═════ Input material
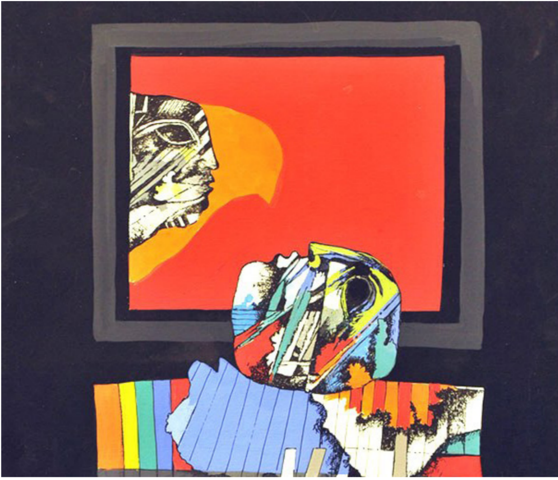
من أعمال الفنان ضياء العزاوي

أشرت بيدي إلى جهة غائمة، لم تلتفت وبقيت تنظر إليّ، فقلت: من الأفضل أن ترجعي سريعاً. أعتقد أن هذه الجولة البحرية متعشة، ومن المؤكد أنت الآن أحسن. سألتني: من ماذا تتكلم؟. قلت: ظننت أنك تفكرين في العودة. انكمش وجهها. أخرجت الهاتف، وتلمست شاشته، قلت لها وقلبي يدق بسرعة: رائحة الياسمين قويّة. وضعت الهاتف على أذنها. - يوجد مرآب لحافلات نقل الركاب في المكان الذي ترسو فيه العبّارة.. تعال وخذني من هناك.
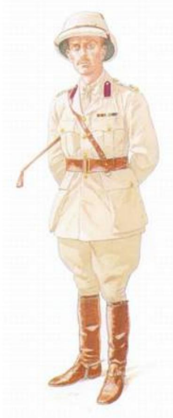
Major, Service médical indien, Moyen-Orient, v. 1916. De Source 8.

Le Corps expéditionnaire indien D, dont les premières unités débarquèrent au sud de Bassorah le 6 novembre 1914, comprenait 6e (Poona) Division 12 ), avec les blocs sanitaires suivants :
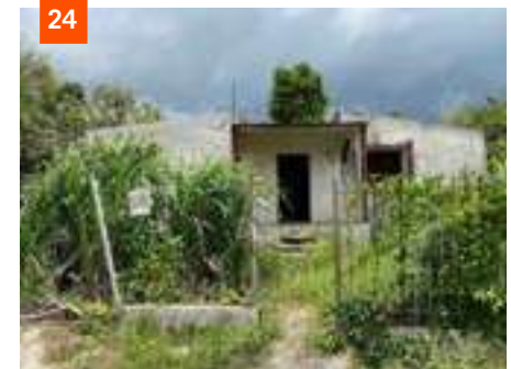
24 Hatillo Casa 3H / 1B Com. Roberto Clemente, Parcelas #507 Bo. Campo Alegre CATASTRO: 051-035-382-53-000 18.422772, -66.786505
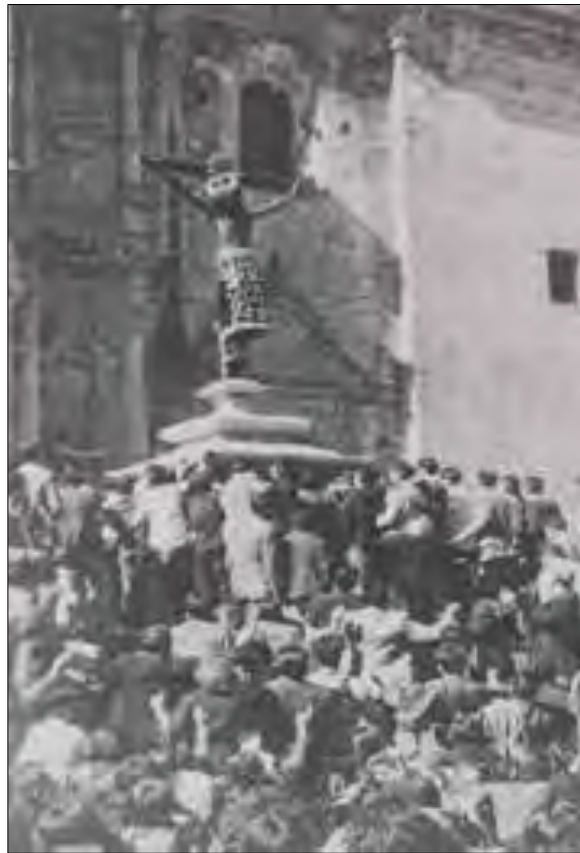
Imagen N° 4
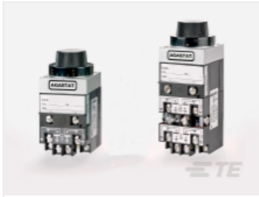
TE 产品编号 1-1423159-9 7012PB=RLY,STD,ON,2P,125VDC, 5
══════════
What you will do: Word for word, repeat only the lines from the line containing "أشرت بيدي إلى" through the end of the data, without any pictures.

Solution to this problem:
أشرت بيدي إلى جهة غائمة، لم تلتفت وبقيت تنظر إليّ، فقلت: من الأفضل أن ترجعي سريعاً. أعتقد أن هذه الجولة البحرية متعشة، ومن المؤكد أنت الآن أحسن. سألتني: من ماذا تتكلم؟. قلت: ظننت أنك تفكرين في العودة. انكمش وجهها. أخرجت الهاتف، وتلمست شاشته، قلت لها وقلبي يدق بسرعة: رائحة الياسمين قويّة. وضعت الهاتف على أذنها. - يوجد مرآب لحافلات نقل الركاب في المكان الذي ترسو فيه العبّارة.. تعال وخذني من هناك.
Major, Service médical indien, Moyen-Orient, v. 1916. De Source 8.

Le Corps expéditionnaire indien D, dont les premières unités débarquèrent au sud de Bassorah le 6 novembre 1914, comprenait 6e (Poona) Division 12 ), avec les blocs sanitaires suivants :
24 Hatillo Casa 3H / 1B Com. Roberto Clemente, Parcelas #507 Bo. Campo Alegre CATASTRO: 051-035-382-53-000 18.422772, -66.786505
Imagen N° 4
TE 产品编号 1-1423159-9 7012PB=RLY,STD,ON,2P,125VDC, 5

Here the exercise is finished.